This article is part of a series about resilience in difficult times – what we can learn from history and personal experiences.
Before José Andrés won four Michelin stars for his kitchen and before he made the cover of Time magazine as a chef “Wants to Feed the World” He served in the Spanish Navy. The service was mandatory then and he got a job as a cook for an admiral. But what he really wanted was to serve on an actual ship. He eventually landed on the Navy’s training ship, Juan Sebastián de Elcano, and learned lessons that still serve him well.
“To see only 300 people working together, no matter where the currents came from or the wind came, the boat always marched forward,” he said recently from El Puerto de Santa Maria, Spain, where he visited a friend’s restaurant and helped to do that Coordinate his team’s response to the outbreak of the corona virus there. “Victim, hard work, teamwork, belief in the person on your right and belief in the person on your left.”

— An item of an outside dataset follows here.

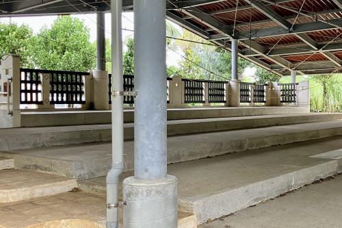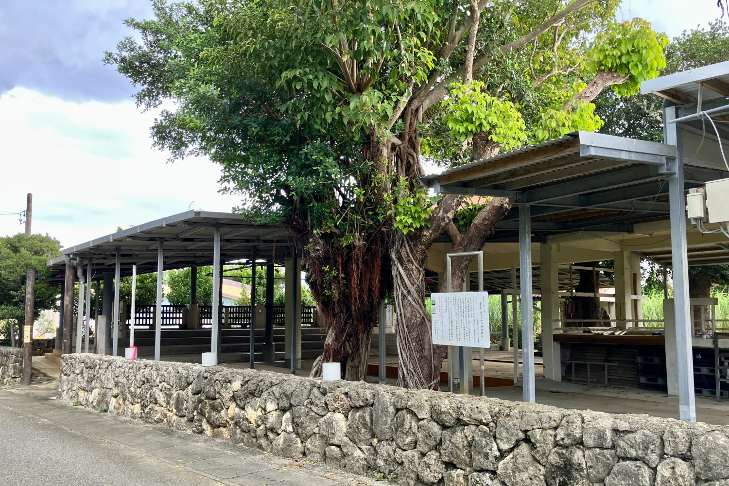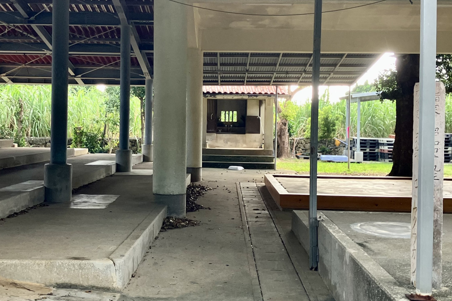 塩川字の八月豊年祭(八月踊り)を公演する場所。守護神の祠が境内の東側に位置し、その西側には舞台が北向きに設けられています。八月御願にはここを出発し、字内各御嶽に参拝し、豊年の感謝と祈願を捧げ、この広場で奉納余興が盛大に演じられます。

It was this type of group ethic that led 50-year-old Andrés to become one of the most famous and well-known chefs in the world and the founder of ThinkFoodGroup (and its 28 restaurants) and World Central Kitchen, a nonprofit that has Fed millions after disasters and crises in Puerto Rico, Guatemala, Indonesia, Mozambique, Haiti and the USA. During the corona virus pandemic, World Central Kitchen, based in Washington, recently provided over two million meals in Spain and 16 million in the United States.
Resilience to trauma seems to be a specialty of Mr. Andrés. This interview was compressed and edited for the sake of length and clarity.

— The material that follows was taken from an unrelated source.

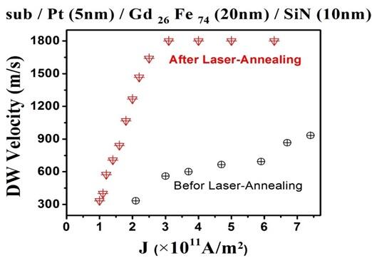 DX推進には、革新的な高速省電力メモリの創成が求められている。この解決策として磁性細線メモリへの期待が高い。しかし、データの高速転送にはデータである磁壁の移動速度の高速化が求められている。そこで、この解決策として細線へのレーザーアニール効果を提案した。右図には、細線へのレーザーアニール有無での磁壁移動速度の差異を示した。レーザーアニールを施さない駆動電流密度(J)が3x1011A/m2のときの磁壁移動速度は600m/secなのに対し、レーザーアニールを施した場合の磁壁移動速度は1800m/secに改善することができた。1ビット長100nmのとき、データ転送レートは18Gbpsとなり、DXのデータ転送高速化要求に応えることができる。また、レーザーアニール前には駆動電流密度に比例して磁壁移動速度が増加しているが、実用化の際には、駆動電流密度が変動しても速度は一定であることが必要である。しかし、レーザーアニールの結果を見てみると、Jが3x1011A/m2以上で壁移動速度は一定になっているので、この点でも理想的な結果を得ることができた。

You seem to have endless energy and determination. Do you have a sense of where that comes from?
I don’t feel so full of energy anymore. I realize that like everyone else, I have limits. I left school when I was very young. The only way forward was determination, because if I wasn’t happy, no one else would.
In Spain there is a classic book called “El Lazarillo de Tormes” from the 16th century. It tells the story of these young people – they are called “Picaresca”, people who have to be very funny to overcome any obstacle. I think that’s in my DNA to adapt to any circumstance. They make the best of every situation, no matter how bad it is.
How do you put together a team to support a major project like World Central Kitchen?
It was a simple reality for me that the restaurant community in America and around the world is very large and very deep. You will always find a restaurant, a staff, cooks – and that means connection to farmers and food companies and distributors, with access to gas, with access to cooling. It doesn’t matter where we are in the world. In an emergency, this is something very powerful.
That means you may have an army that has a hard time feeding their people, but if we are involved, we will have no problem feeding a village. Because we know where the food is, we know where the water is, we know where the generators are, we know where the cooling is. This is the beginning of World Central Kitchen, a firm belief in the world’s food community. This theory of mine proves itself over time.
In Yokohama, for example, Nobu Matsuhisa was one of the first cooks when we started answering Covid [we contacted]. Yes, I know Nobu well, but his people started to help us with questions we had. This enabled us to prepare tens of thousands of meals for the Princess cruise ship.
Did working in and running kitchens help you discover the skills and endurance to run these extensive programs?
Remember that there is a bit of chaos in all kitchens. Cooks like me, we’re natural people with chaos. It is Friday evening and order after order comes again and again. Fish without garlic and vegetables without black pepper, well-made steaks and “I don’t want mustard.” Then the system crashes, the computer crashes. Restaurants always give out food.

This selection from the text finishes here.